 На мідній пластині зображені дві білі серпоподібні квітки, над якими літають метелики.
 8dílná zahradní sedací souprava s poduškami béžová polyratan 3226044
--
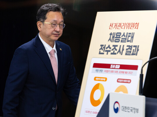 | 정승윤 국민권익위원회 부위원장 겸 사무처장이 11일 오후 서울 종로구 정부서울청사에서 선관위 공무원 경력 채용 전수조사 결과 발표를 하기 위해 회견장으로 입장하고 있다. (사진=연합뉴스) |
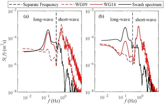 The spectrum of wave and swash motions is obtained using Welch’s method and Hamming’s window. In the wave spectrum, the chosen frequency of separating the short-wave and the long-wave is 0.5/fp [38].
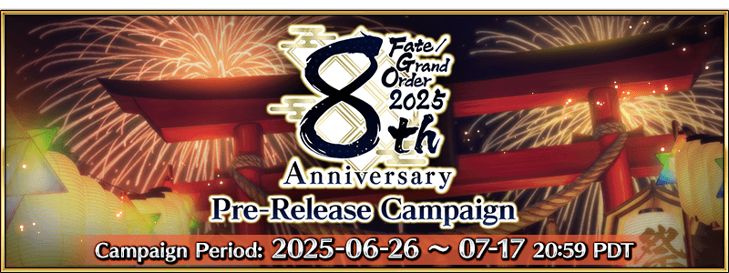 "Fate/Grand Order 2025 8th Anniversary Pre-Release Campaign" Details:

● **Exercise**
The material above holds pictures; leave them out. Repeat exactly the lines from the one containing "있다. (사진=연합뉴스) |" through the one containing "Order 2025 8th", and nothing else.

● **Worked solution**
 | 정승윤 국민권익위원회 부위원장 겸 사무처장이 11일 오후 서울 종로구 정부서울청사에서 선관위 공무원 경력 채용 전수조사 결과 발표를 하기 위해 회견장으로 입장하고 있다. (사진=연합뉴스) |
 The spectrum of wave and swash motions is obtained using Welch’s method and Hamming’s window. In the wave spectrum, the chosen frequency of separating the short-wave and the long-wave is 0.5/fp [38].
 "Fate/Grand Order 2025 8th Anniversary Pre-Release Campaign" Details:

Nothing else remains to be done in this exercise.